Individual Liberty: The Greatest Remedy for Terrorism

USA Today reports that lines at airports are getting longer and people aren’t signing up for the registered traveler program, TSA PreCheck, in sufficient numbers. Given what happened in Brussels last week, we can expect those lines to get longer and more people to suffer government intrusion into their lives when they want to travel peacefully. This is precisely what should not happen.

Shortly after the attacks, Sascha Tamm of the Friedrich Naumann Foundation wrote an article (in German) on the universal risks of terrorism and the important implications they have for individual liberty. Tamm believes that the most likely reaction to these attacks will be greater restrictions to individual freedom, increased monitoring and a gross expansion of state power. But as Tamm notes, history demonstrates that such a clamping down on individual liberties never leads to greater security, but simply creates the illusion of such safety.

Overreaction is a hallmark of political reaction to such atrocities. The screaming demands of politicians for greater security measures and increased surveillance result in a loss of civil liberties. It may actually be the case that the most effective counterterrorism measure is to not overreact. That doesn’t mean we shouldn’t react at all, but that we should seek solutions for public safety that deal with the problem as we deal with other public safety problems. Belgian authorities should devote their energies into breaking up these terror cells and bringing these terrorists to justice, but this should be done in a discrete and not an alarmist fashion.

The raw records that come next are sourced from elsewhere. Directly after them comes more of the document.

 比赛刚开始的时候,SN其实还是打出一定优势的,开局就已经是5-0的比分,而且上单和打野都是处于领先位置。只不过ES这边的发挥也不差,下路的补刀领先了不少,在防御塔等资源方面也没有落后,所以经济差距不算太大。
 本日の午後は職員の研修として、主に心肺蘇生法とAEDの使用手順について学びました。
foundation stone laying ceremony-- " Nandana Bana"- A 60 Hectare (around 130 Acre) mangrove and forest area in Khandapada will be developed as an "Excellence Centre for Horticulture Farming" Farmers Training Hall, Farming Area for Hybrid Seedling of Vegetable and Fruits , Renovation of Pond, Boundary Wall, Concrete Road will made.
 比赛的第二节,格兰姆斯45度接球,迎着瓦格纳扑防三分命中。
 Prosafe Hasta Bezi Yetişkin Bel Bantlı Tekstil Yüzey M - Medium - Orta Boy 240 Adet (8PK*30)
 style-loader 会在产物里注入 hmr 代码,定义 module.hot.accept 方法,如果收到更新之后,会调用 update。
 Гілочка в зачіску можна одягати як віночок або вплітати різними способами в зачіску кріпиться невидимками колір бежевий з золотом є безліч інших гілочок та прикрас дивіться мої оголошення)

But more than this, as Brendan O’Neill of Spiked Online noted in his article on the attacks, our response should be to “carry on as normal” with a “keener determination to partake in and celebrate the openness and the freedoms . . . that these terrorists so clearly hate.” The goal of the terrorist is to see us quiver, to change the way we go about our lives. So, the best response to those who loath our free and joyous modern lives should be to refuse to feel that fear and to live our lives more freely than ever before, demonstrating defiance to the terrorists.  

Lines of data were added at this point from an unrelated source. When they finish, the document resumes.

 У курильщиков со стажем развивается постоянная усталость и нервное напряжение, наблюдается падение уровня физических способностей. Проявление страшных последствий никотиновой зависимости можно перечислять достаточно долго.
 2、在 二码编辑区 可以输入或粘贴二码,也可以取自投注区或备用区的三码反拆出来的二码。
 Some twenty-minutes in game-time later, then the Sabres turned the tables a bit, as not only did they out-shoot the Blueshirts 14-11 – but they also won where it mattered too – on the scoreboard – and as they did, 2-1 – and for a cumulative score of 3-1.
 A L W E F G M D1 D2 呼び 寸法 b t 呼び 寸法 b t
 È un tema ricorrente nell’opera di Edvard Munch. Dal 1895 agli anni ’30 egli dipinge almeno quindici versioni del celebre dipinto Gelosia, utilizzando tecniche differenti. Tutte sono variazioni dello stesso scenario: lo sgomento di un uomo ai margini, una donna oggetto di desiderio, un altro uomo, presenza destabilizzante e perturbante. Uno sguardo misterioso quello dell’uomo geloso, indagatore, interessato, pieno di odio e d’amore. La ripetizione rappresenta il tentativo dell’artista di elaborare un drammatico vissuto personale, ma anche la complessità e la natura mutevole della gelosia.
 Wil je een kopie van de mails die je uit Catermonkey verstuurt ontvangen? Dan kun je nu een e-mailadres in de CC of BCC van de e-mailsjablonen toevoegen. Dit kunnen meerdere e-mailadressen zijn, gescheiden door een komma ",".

The solution to the public safety threat of radical Islamic terrorism is not found in greater restrictions on personal freedom, but rather in an open marketplace of ideas where all individuals are free to express and debate their personal faiths and religious practices. What is most fundamental in this debate over terrorism, security, and liberty is that we must seek to preserve individual liberty as a central tenet of living in a free society, while being extremely wary of the deceptive notion of favoring security as a means to safety.

The Roman statesman Cicero said that the safety of the people should be the supreme law of the land. Perhaps in response to that Latin maxim, Thomas Jefferson remarked, “Malo periculosam, libertatem quam quietam servitutem.” Roughly translated, that means, “I prefer the tumult of liberty to the quiet of servitude.” If we live in tumultuous times, best that they continue to be free.